- Education: Cambridge University
- Known for: Author, Electronic Engineer

= Douglas Self =

British electronics engineer and author

Douglas Self is a British electronics engineer and author with a particular interest in audio. He received a first class honours degree in engineering from Cambridge University, and then studied psychoacoustics at Sussex University. He is the author of six books on audio electronics, published by Focal Press.
He has also contributed many articles to Wireless World magazine, some of which were compiled into a book along with articles by Peter Baxandall.

He is a member of the Audio Engineering Society and has taken out a number of audio-related patents, including for a "crossover displacement circuit".

He has worked with several major companies, including Cambridge Audio, TAG-McLaren Audio, and Soundcraft Electronics.
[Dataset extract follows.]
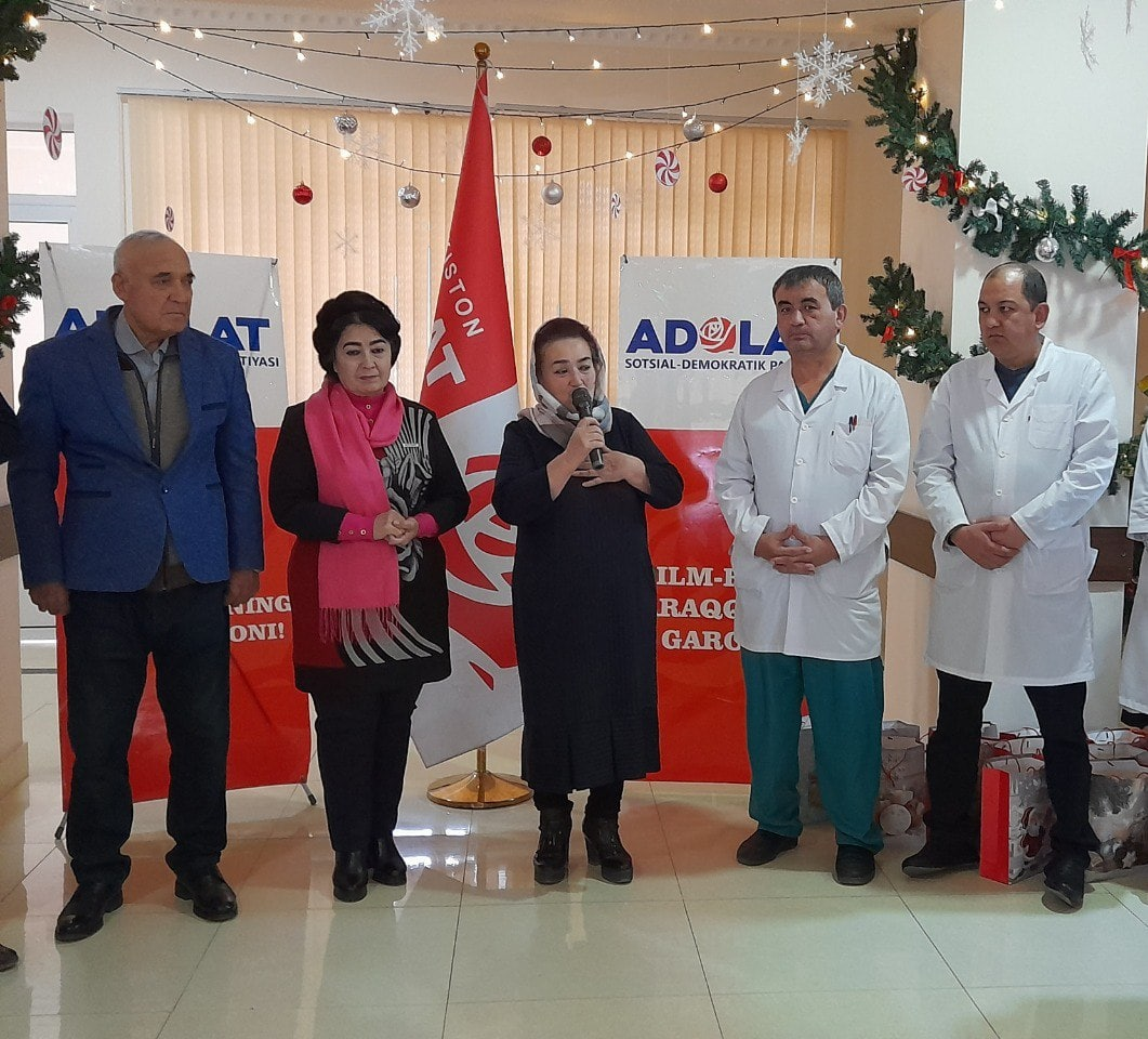 Ана шундай оғир дард билан мардонавор курашаётган жажжи болажонларга озгина бўлсада қувонч улашиш, уларнинг дилларига хушнудлик бахш этиш истагида Ўзбекистон «Адолат» СДП Самарқанд вилоят Кенгаши томонидан Республика ихтисослаштирилган онкология ва радиология илмий - амалий тиббиёт маркази Самарқанд вилоят филиалида даволанаётган бемор болажонлар ҳамда уларнинг ота-оналар ҳолидан хабар олиб байрам тадбири ташкил этилди.

Circuit Cellar website described him as a 'renowned audio specialist' when discussing a design he created for Elektor magazine. He developed the concept, accompanied with a practical design, of a "blameless" amplifier in which all the main sources of distortion for a pure Class B amplifier are reduced to negligible levels, to challenge the notion that such a topology is not suitable for Hi-Fi audio.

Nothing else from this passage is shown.